“Meant to be!” Madame Za, who was eighty now and sat in the corner of the couch, still dressed in her scarves and rings, telling weird fortunes to anyone who wanted one.
“Anyway, I just wanted to say I would not be who I am,” I lifted my glass. “Without all of you and a little help from fate.”
And I never would have met Nick.
Our eyes met and he made a big show of rolling his. He didn’t believe my fate theory. The most he would concede was good luck. He’d been adopted by a family in Calico Cove – Antony and Birdie Renard. But he’d been older. A teenager, who’d been beaten, abandoned, sent to juvie and left to fend for himself for too long before he’d found family.
Me.
Love.
“Here, here!” Dad shouted and everyone raised their glasses towards me. I sucked down the glass of champagne (not Sprite, sneaky Nick), accepted a ton of birthday hugs and felt more love than I thought possible.
The low chucklenext to my ear made all the hairs stand up on the back of my neck. Goose bumps raced down my arms and I had to cross them to hide the way my nipples reacted to the sound of his voice so close to me.
“Hey kiddo, good toast. What did you wish for?”
You. Only you.
“I can’t tell you,” I said, turning towards him. “Or it won’t come true.”And you’re going to find out soon enough.
“You’re eighteen now,” he said. “Too old for fairy tales.”
“That’s the difference between us,” I said. “I’ll never be too old to believe in fairy tales and you’ve always been too old to believe in them.”
He jerked back, like I’d punched him in the gut. “Swear to God, Nora, sometimes you say shit that makes me feel like you should be Madame Za.”
“I can see your future,” I pretended to wave a hand over a crystal ball. “You will have to learn how to invoice your customers and schedule appointments-”
He punched me in the arm.
“Ouch.”
He rubbed the spot he’d punched and I felt like a puppy who wanted to roll over onto her back for the handsome man.
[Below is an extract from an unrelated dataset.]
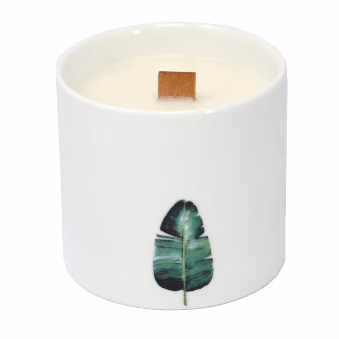 Botanical Candles are presented in round ceramic jars that can be reused, bar-coded and packaged nicely in a presentation box. Each candle contains a wooden wick instead of a traditional wick

Nick was turning thirty in a couple of months, something I teased him about mercilessly. But he was only getting hotter. There wasn’t a single woman in Calico Cove, ten years his junior or ten years his senior, who wasn’t interested in dating Nick Renard.
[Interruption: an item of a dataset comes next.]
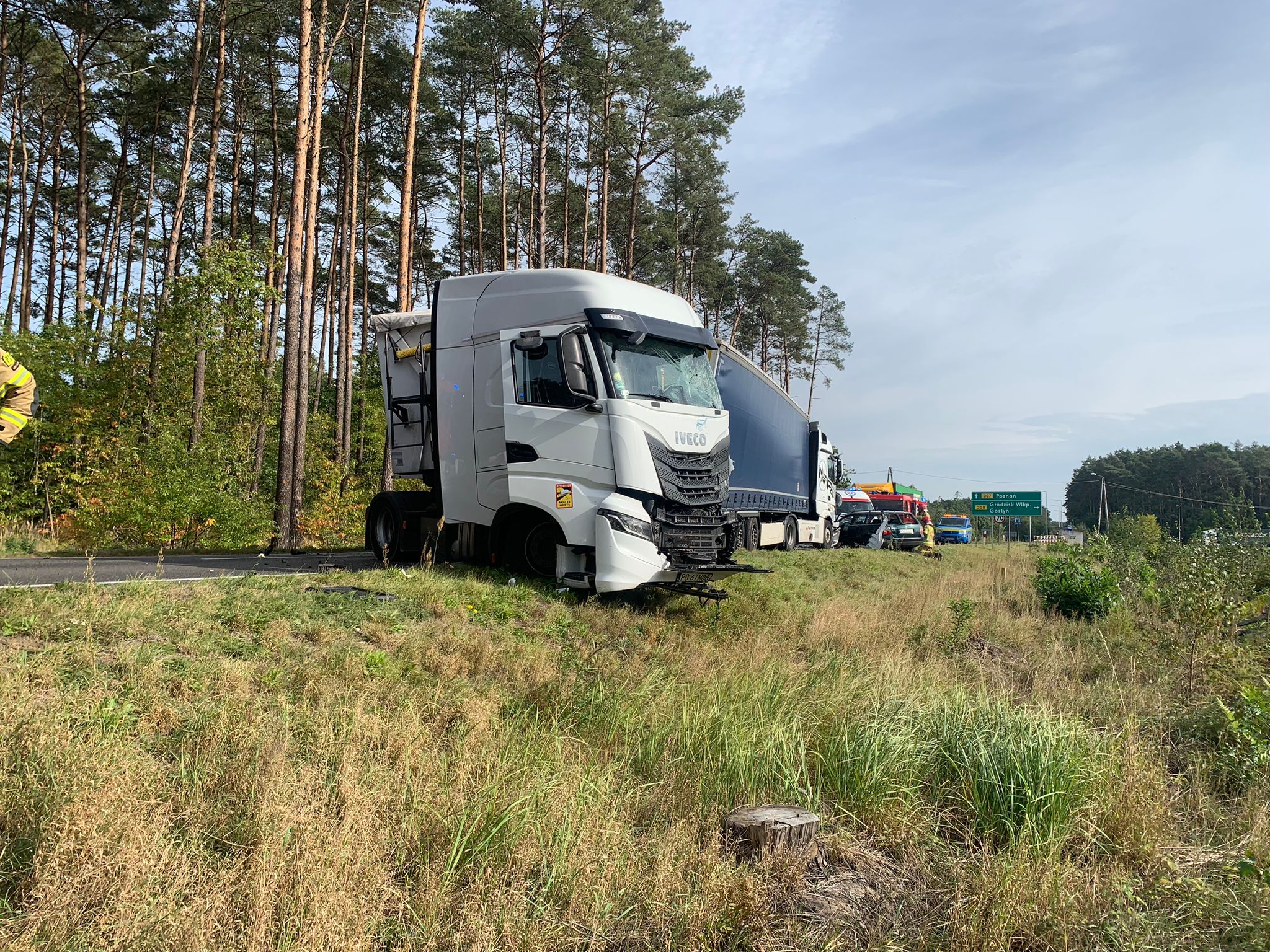 Po przybyciu pierwszych zastępów na miejsce zdarzenia zastano dwa ciągniki siodłowe z naczepami oraz samochód osobowy po zderzeniu.

And he’d dated plenty of them over the years – the older ones. Not the younger ones. And that didn’t bother me…much.
Because I didn’t want to date Nick. I had my eye on a much bigger prize.
“Okay, I wished for you to stop calling me, kiddo, old man.” I lied.
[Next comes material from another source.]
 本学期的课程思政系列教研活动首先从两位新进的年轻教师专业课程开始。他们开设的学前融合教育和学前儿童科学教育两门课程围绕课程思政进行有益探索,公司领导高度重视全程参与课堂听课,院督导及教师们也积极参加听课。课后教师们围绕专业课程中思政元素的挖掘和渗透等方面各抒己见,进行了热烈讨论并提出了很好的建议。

He laughed. “Fair enough. You’re an official adult now. I’ll call you Nora, if you drop this old man business. You’re giving me a complex.”
He made like he was going to ruffle my hair, but I avoided his heavy palm, which probably had engine grease caked under his fingertips.
“Stoooop! You’ll get me dirty.”
I was wearing a white sundress with spaghetti straps that was so tight to my waist I’d kept the dress hidden from Dad until itwas too late for me to change. It was loose and twirly around my knees and it made the most of my summer tan and dark hair.
I looked like a beautiful adult woman.
There was not a single part of me that wanted to be something or someone else. My hair was wavy, but I didn’t straighten it or make it curlier. I had freckles, but I didn’t hide them. My clothes were basic because while my mom came from a family with money, my dad was a fisherman who believed nothing should ever be wasted.
I had one dress that my mom tailored for all my dances, making a new dress out of magic and good material. That prom dress was now my sister, Charlie’s, prom dress and would probably be Bethany’s one day. That’s just how the Barnes family rolled.
But for my eighteenth birthday, I’d wanted something special. Something grown up.